In the name of education for democracy, people were taught to press buttons of voting machines and election speeches focused on the characteristics of a bad party. Election promises read out were from the draft of the up-coming five-year development plan, prepared by the cabinet in unison before the virtual split.

The  first radical reform by the reincarnated government took in its infancy of democratic  era was the hike in salary of the statesmen, with a big expectation that their action would be applauded, praised and sang for months and years, as it used be in  their earlier epoch.  The story ended the next day of the implementation, apparently signifying that the change has come.

A year of democratic era saw a rapid increase in the number of people seeking judicial interference. The Anti Corruption Commission (ACC), a bespoke body to crucify the defaulters and corrupts, reached beyond capital to districts and development centers, mines and construction sites. The ACC’s role is not just bringing defaulters to the book of justice but also underscoring the judicial and legal loopholes that have existed for abuse.

On one hand, the problem of unemployment has soared up to an indestructible height. No large-scale enterprises are in plan to accommodate the fresh graduates and school dropouts.
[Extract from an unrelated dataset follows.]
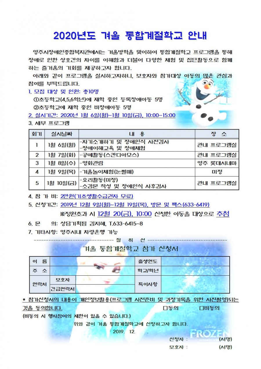 2020년 겨울 통합계절학교 참가자 모집 안내

On the other hand, there is such a dearth of skilled human resources particularly of doctors, nurses, teachers and accountants that the government has no luxury of choice, either to hire workers from abroad or to close its eyes. This is the direct consequences of the erstwhile government’s faulty education system and its desperate attempt to hide the then existing problems.

Freedom of expression has expanded, at least in the parliament, however, since most of the elected parliamentarians are yet to free themselves from the trauma of the suppressed bureaucratic background they hail from, accustomed to stoop before senior- make the junior bow, are unable to utilize even the accessible freedom.
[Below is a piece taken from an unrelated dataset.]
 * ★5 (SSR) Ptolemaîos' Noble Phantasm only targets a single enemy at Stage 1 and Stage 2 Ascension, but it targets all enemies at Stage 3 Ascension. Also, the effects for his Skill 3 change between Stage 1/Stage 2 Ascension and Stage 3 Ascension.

There is a sharp improvement in the quantity and the content of the print and online media. Unlike in the past when the reporter had to get news and consent from the related department heads, secretaries and ministers, the democratic era journalists have audaciously gone to villages, deprived areas, uncovered the truth and published the facts. As expected the Bhutanese media has taken a leap forward and are successful as the tower lights of democracy.  Nevertheless, they are not free from threat and insecurity.

The government has availed timely balm of compensation to the victims of natural calamities. However, there is little doubt that any other party in the government would have done no less. While the government has no material proof to boast of achievement of pertinently observed development, it has been showing its presence. The runway for domestic air services are materialized, wires for electricity supply are extended to many villages, at least dozen or one sixth of the schools closed in the southern districts were resurrected and the issue of security clearance and no objection certificate (NOC) created turmoil in the parliament but sadly had a narrow escape. The government has the mandate for four more years to either bring in airplanes on the runway, supply current through the wires, let children become students in the deprived areas, and revoke the tribulations of NOC, or doze off the period and invite a bull-dozer in the next term.
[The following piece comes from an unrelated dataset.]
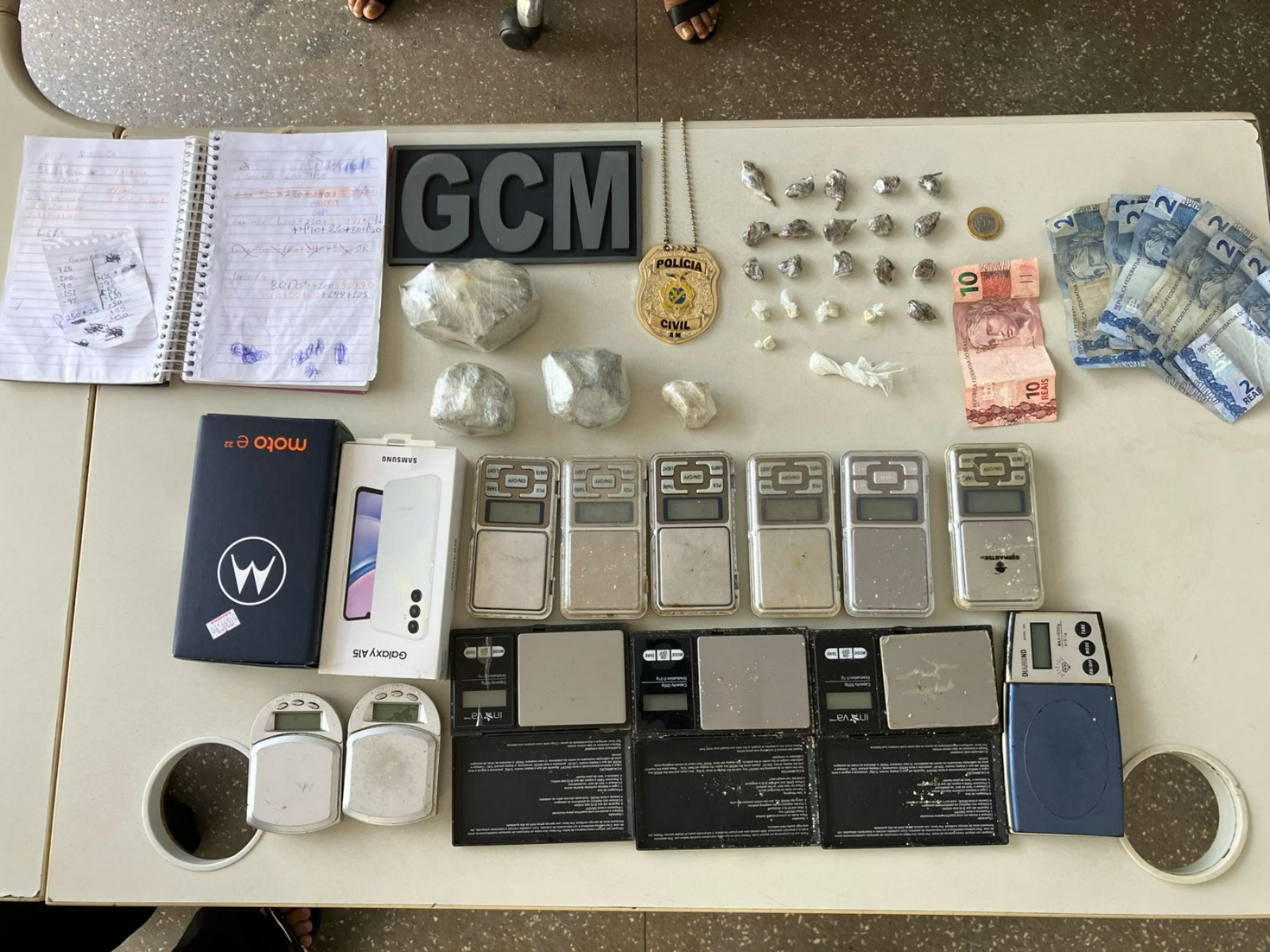 “Iniciamos as diligências e confirmamos que se tratava de Alessandra Gama Gonzaga. Ela já possui antecedentes por tráfico de drogas e associação para o tráfico. Com ela, apreendemos 26 trouxinhas de entorpecentes, uma porção média de cocaína, três porções de skunk, 12 balanças de precisão, dois aparelhos celulares, um caderno de anotações e R$ 32 em espécie”, informaram.

The most soothing music in the ears of the cronies of the erstwhile autocrats is to hear the news of Bhutanese in exile resettling in the developed nations. For the time being, the problem seems closer to an end. However, will the government continue happy go lucky hiding the crimes against humanity of the erstwhile government forever, remains a question to the younger generation. The government to sanctify itself must form a commission to look into the problem termed by the former monarch as ‘ngolop uprising in the south’ bring the defaulters to the book of justice and free the innocent from the prolonged punishments. However, as most of the defaulters own supreme command in the government, it is not going to materialize at least in this term. Although the DPT government characterizes old stocks in new coop, there ought to be no dearth of revolutionary vision to meet the transition and take better advantage, as it houses and commands the best brains of the nation.